Optimization Checklist

Do This

  • Use Q4_K_M for best speed/quality balance
  • Use MLX backend on Apple Silicon
  • Keep context length under 4096 when possible
  • Close other GPU applications
  • Run models that fit entirely in VRAM/unified memory
  • Warm up the model before benchmarking

Avoid This

  • Running models larger than your memory
  • Using Q8 or BF16 without enough RAM
  • Running in Docker on Mac (loses GPU)
  • Ignoring prompt evaluation time
  • Comparing benchmarks with different context lengths
  • Trusting claims without source links

Backend Selection Guide

If You Are Using… Recommended Backend Why
Mac M1/M2/M3/M4 MLX (via LM Studio or mlx-lm) 30-50% faster than Ollama
Mac (ease of use) Ollama Simpler setup, good enough
RTX 3060/4070 (max speed) llama.cpp 3-10% faster than Ollama
RTX 3060/4070 (ease of use) Ollama Simpler setup, slight speed penalty
Production serving vLLM Best throughput for batches
Maximum control llama.cpp Most configuration options

Common Misconceptions

Misconception 1: “I saw 1.5B tokens per second for Qwen2 1.5B”

Reality: The “1.5B” in “Qwen2-1.5B” refers to 1.5 billion parameters, not tokens per second. No consumer hardware runs any LLM at billions of tokens per second. Realistic speeds are 20-100 tokens per second.

Misconception 2: “CPU is almost as fast as GPU”
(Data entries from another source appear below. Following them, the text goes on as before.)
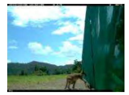
Figure 4.37 Wallaby testing fence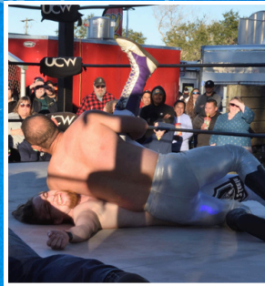
Universal Championship Wrestling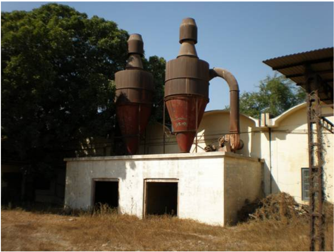
xx. Picture of Production Unit Shade Damage condition.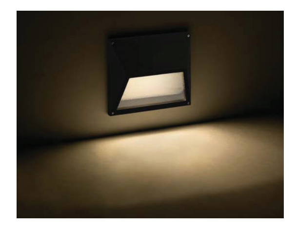
Ordering Example: UEC - 40267 - HPS-70w - 120v - Options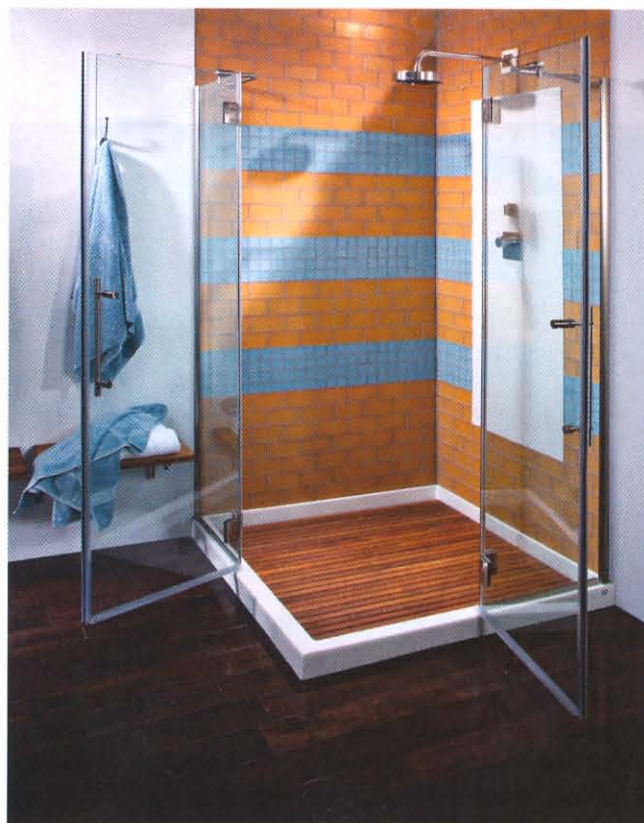
Low-Profile Base with Dual Threshold Double Door Enclosure and Teak Shower Tray

Complementing MTI’s extensive assortment of shower bases are frameless shower enclosures with a headerless design. When spacious access to the shower is a consideration, MTI enclosures can assist. For instance, one enclosure offered mates with a 48” x 48” dual threshold shower base. Two doors that meet at one corner open a full 180°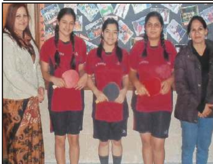
Sr. Girls and Jr. Boys Zonal T.T. champs.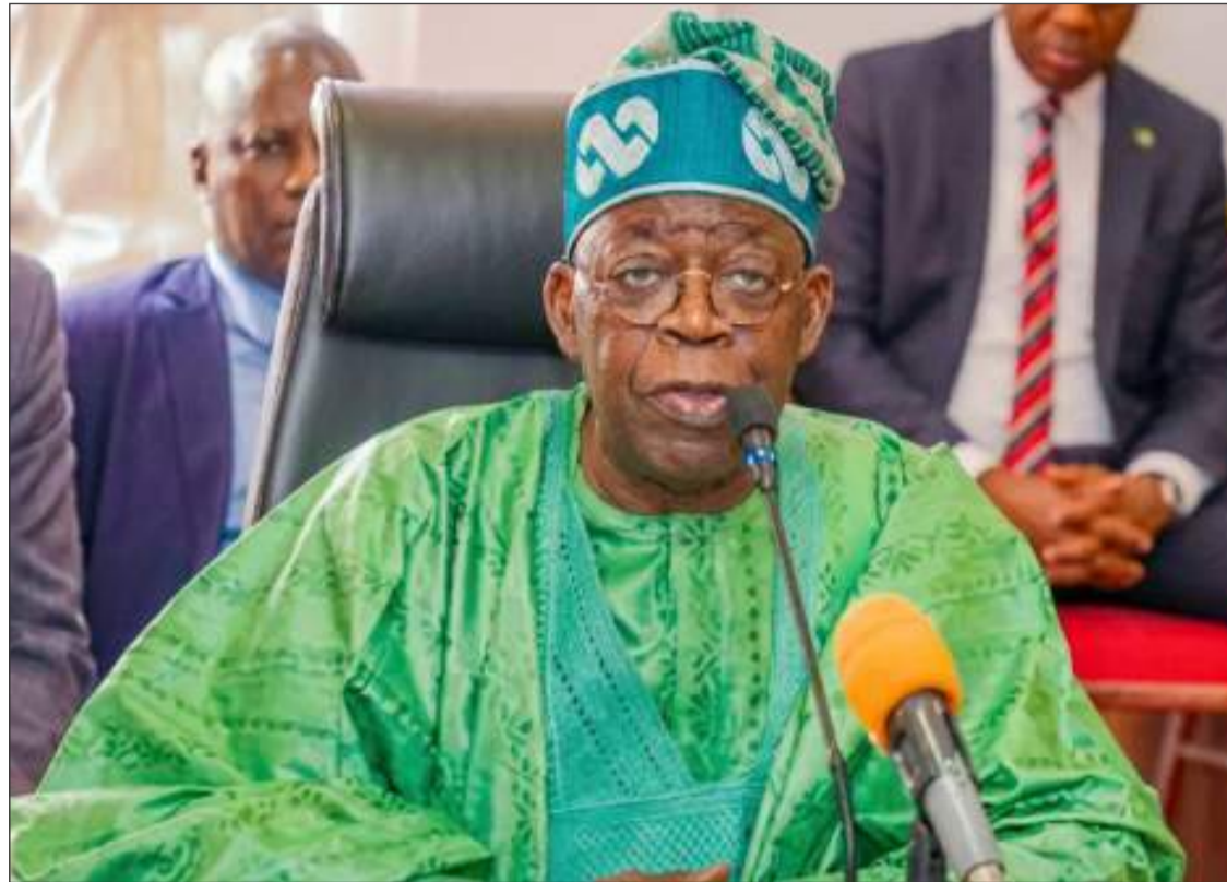
President Bola Tinubu

"Today, over 7.5 million Nigerian employees are covered under the Employees' Compensation Scheme, ensuring that when workplace accidents or disabilities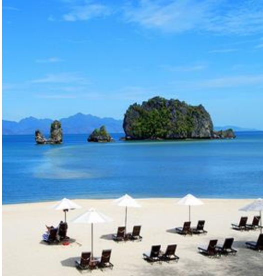
Langkawi stretched beaches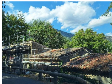
The outside of the roof before

After three months of work, the roof has finally been totally redone on the mill side and re-covered on the side that houses the ancient "ressence".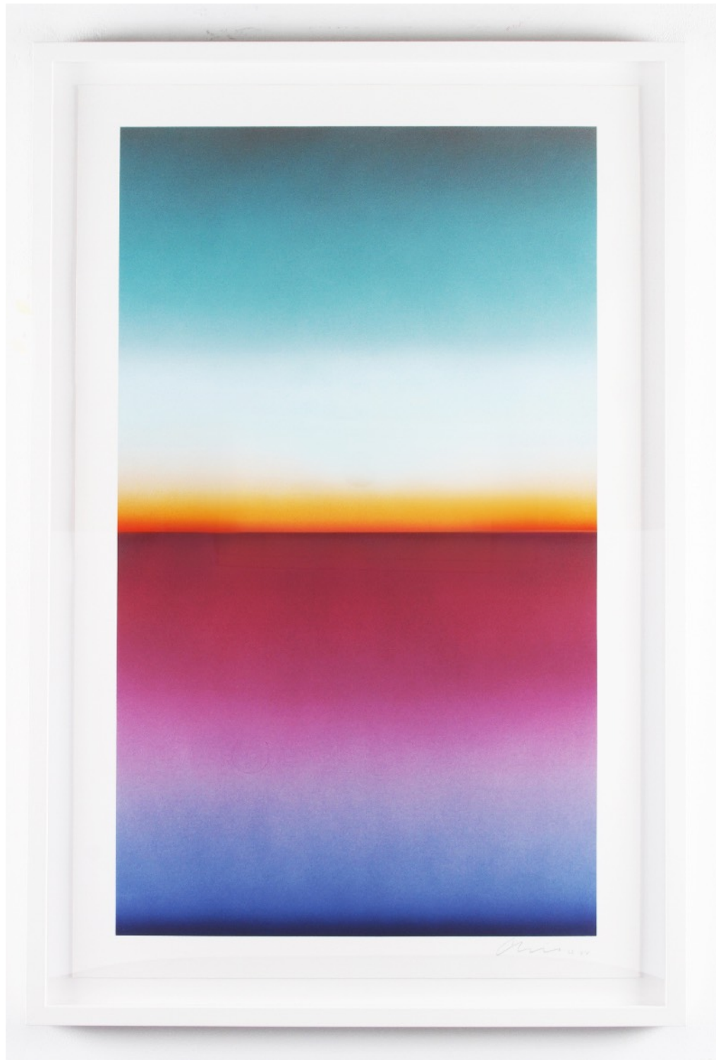
Casper Brindle, Untitled #1 , 2018, acrylic on paper, 48" x 30" unframed, 53" x 35" framed, $7,500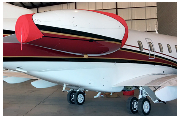
Intake/Exhaust Covers, 3-Strap Type. Successfully installed by two crew, one ladder.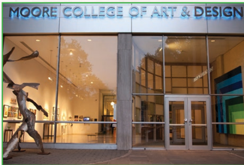
Moore College of Art and Design 20th St & The Pkwy Philadelphia, PA 19103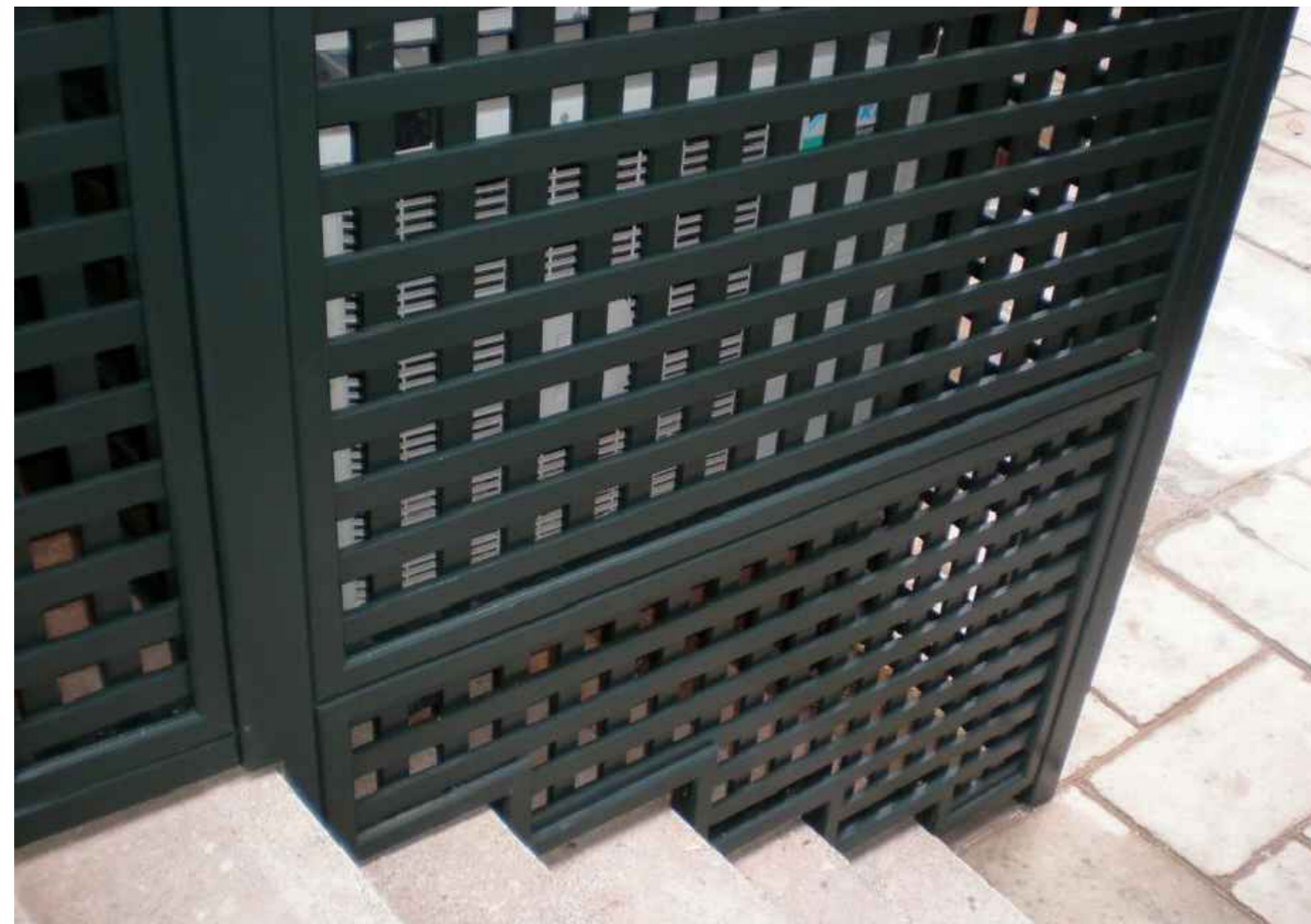
PRECEDENT IMAGE OF PROPOSED TRELLIS WORK

NOTE: 1 This drawing to be read in conjunction with all relevant architects and engineer's drawings and the specification. 2 Any discrepancies or details on or between these drawings must be drawn to the attention of the landscape architect (and to the architect or engineer as appropriate) in writing for clarification.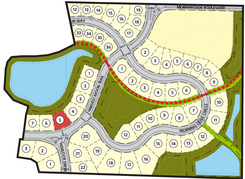
Phase 1 Lots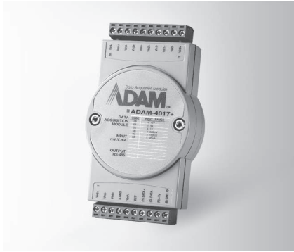
ADAM-4017+ CE FCC RoHS

8-ch Analog Input Module with Modbus 8-ch Thermocouple Input Module with Modbus 8-ch Universal Analog Input Module with Modbus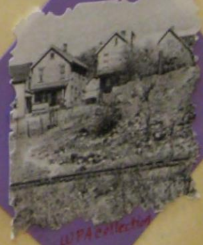
U.S. PA Collection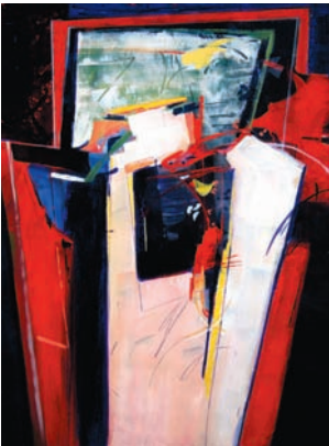
DENISE ATHANAS Mt. Pleasant, SC "Window to the Future" 30x38 $1,800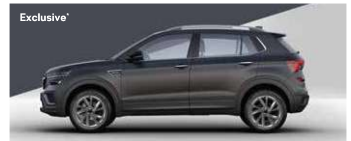
Kushaq Matte Edition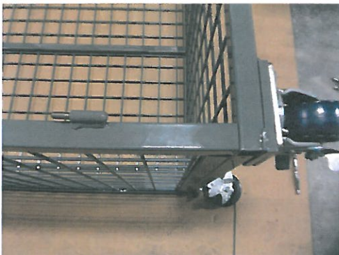
UNIT WITH DOORS, HINGES POSITIONED AS SHOWN.

Step 4: Install the back grid with the badge at the top of the unit facing in as shown. The long wires on the grid will slide into the center tube holes and the side panel holes. Once the two back grid panels are installed slide the sides with the back grid panels down onto the base. Tighten the 5 wedge nut bolts.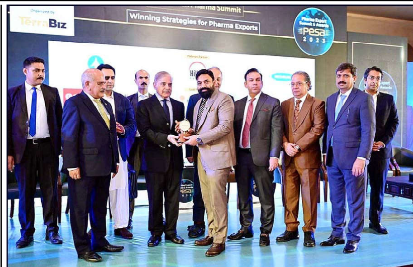
ISLAMABAD: Prime Minister Muhammad Shehbaz Sharif distributes awards among the highest exporters of Pharmaceutical Industry in Pakistan.

The prime minister expressed confidence that the board meeting of the International Monetary Fund this evening would help open more Letters of Credit (LCs) relating to pharma products.

Reality: GPU inference is typically 5-10x faster than CPU-only inference. An RTX 4070 runs Llama 3.1 8B at ~68 tok/s. CPU-only might get 8-12 tok/s.

Misconception 3: “Quantization destroys quality”

Reality: Q4_K_M retains most quality for typical tasks. The difference between Q4 and full precision is often not noticeable in practice. Only Q2/Q3 show significant degradation.

Misconception 4: “More RAM always means faster”

Reality: Once the model fits in memory, more RAM does not help. An M1 Pro 32GB will not run faster than M1 Pro 16GB for a 7B model that fits in either.

Misconception 5: “Ollama and llama.cpp are the same speed”

Reality: On NVIDIA GPUs, llama.cpp is consistently 3-10% faster than Ollama for single-user inference. The difference comes from Ollama’s Go server layer overhead. On Apple Silicon, MLX is the fastest option, 30-50% faster than Ollama.

Misconception 6: “14B models don’t fit on RTX 3060 12GB”

Reality: 14B models with Q4 quantization use approximately 6-8GB of VRAM (Hardware Corner VRAM data), which fits within the RTX 3060’s 12GB with room for KV cache. You get roughly 23 tokens per second at 16K context, which is above the usability threshold for chat applications.

Performance Comparison Summary

All NVIDIA numbers sourced from Hardware Corner (llama.cpp, Q4_K_XL, 16K ctx) and PracticalWebTools. Apple Silicon from r/LocalLLaMA.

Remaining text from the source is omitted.